This project demonstrates how to generate text related to corruption using a Recurrent Neural Network (RNN) based on the Corruption Perceptions Index (CPI) timeseries data from 2012 to 2021.
The RNN model is created using TensorFlow and Keras. It uses LSTM (Long Short-Term Memory) layers and learns to generate text based on the input data, which includes the corruption scores of various countries over the years. The generated text will be in the format of "Country has a corruption score of X in Year."
- Python 3.6 or above
- TensorFlow 2.0 or above
- Pandas
- NumPy
To install the required packages, run:
pip install numpy pandas tensorflow
-
Clone the repository to your local machine.

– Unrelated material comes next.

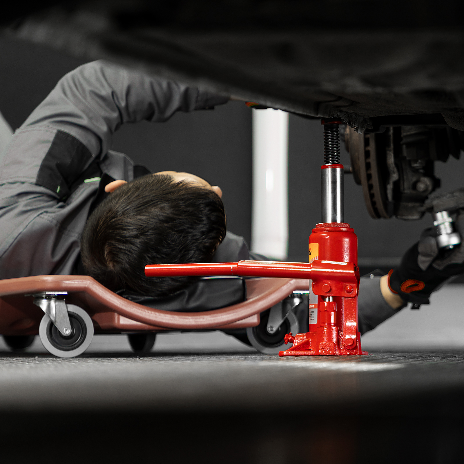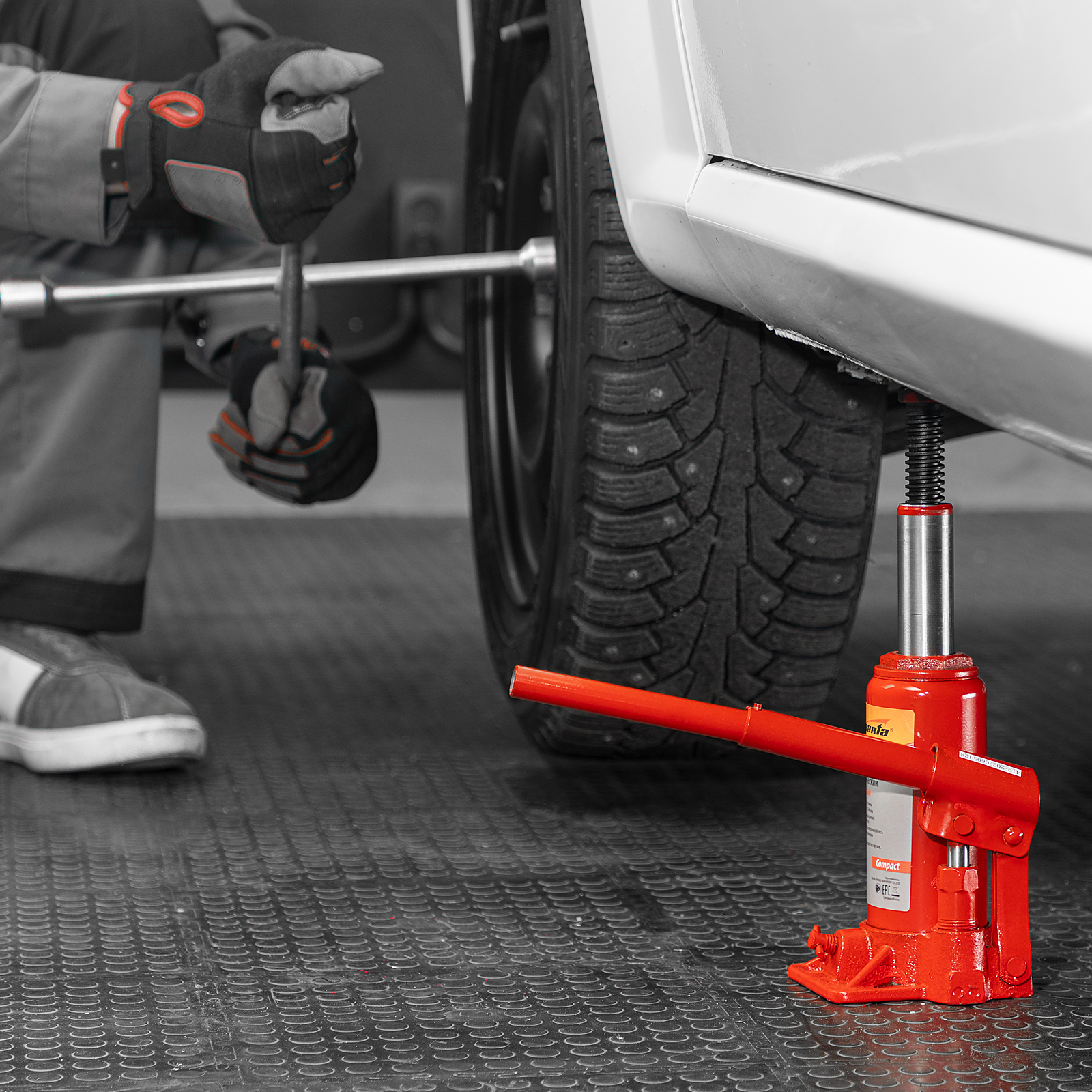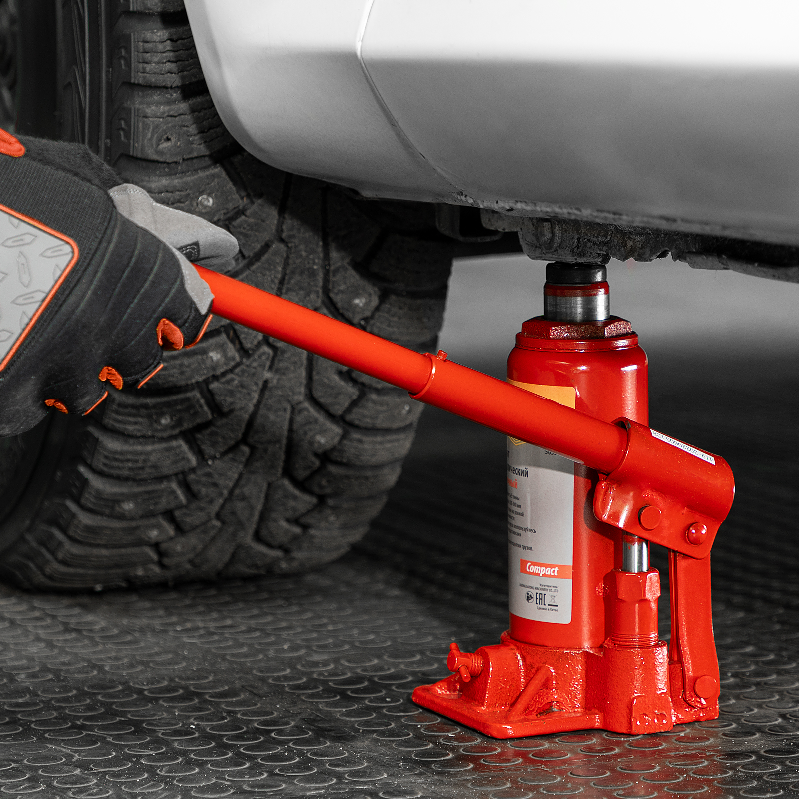 - Удобное хранение и транспортировка — домкрат весит 2,98 кг и не занимает много места благодаря съемному рычагу.

git clone https://github.com/nadinejackson1/corruption-text-generation.git cd corruption-text-generation
-
Run the Jupyter notebook containing the complete code.
jupyter notebook corruption-text-generation.ipynb
-
Go through the notebook step by step, which contains the following sections:
- Importing necessary libraries
- Loading and preprocessing the data
- Tokenizing and padding the text
- Creating the RNN model
- Training the model
- Generating text using the trained model
- After training the model, you can use the generate_text() function to generate text related to corruption based on the input seed text and trained model.
This project is licensed under the MIT License. See the LICENSE file for details.
The project is based on the Corruption Perceptions Index Timeseries 2012 - 2021 dataset.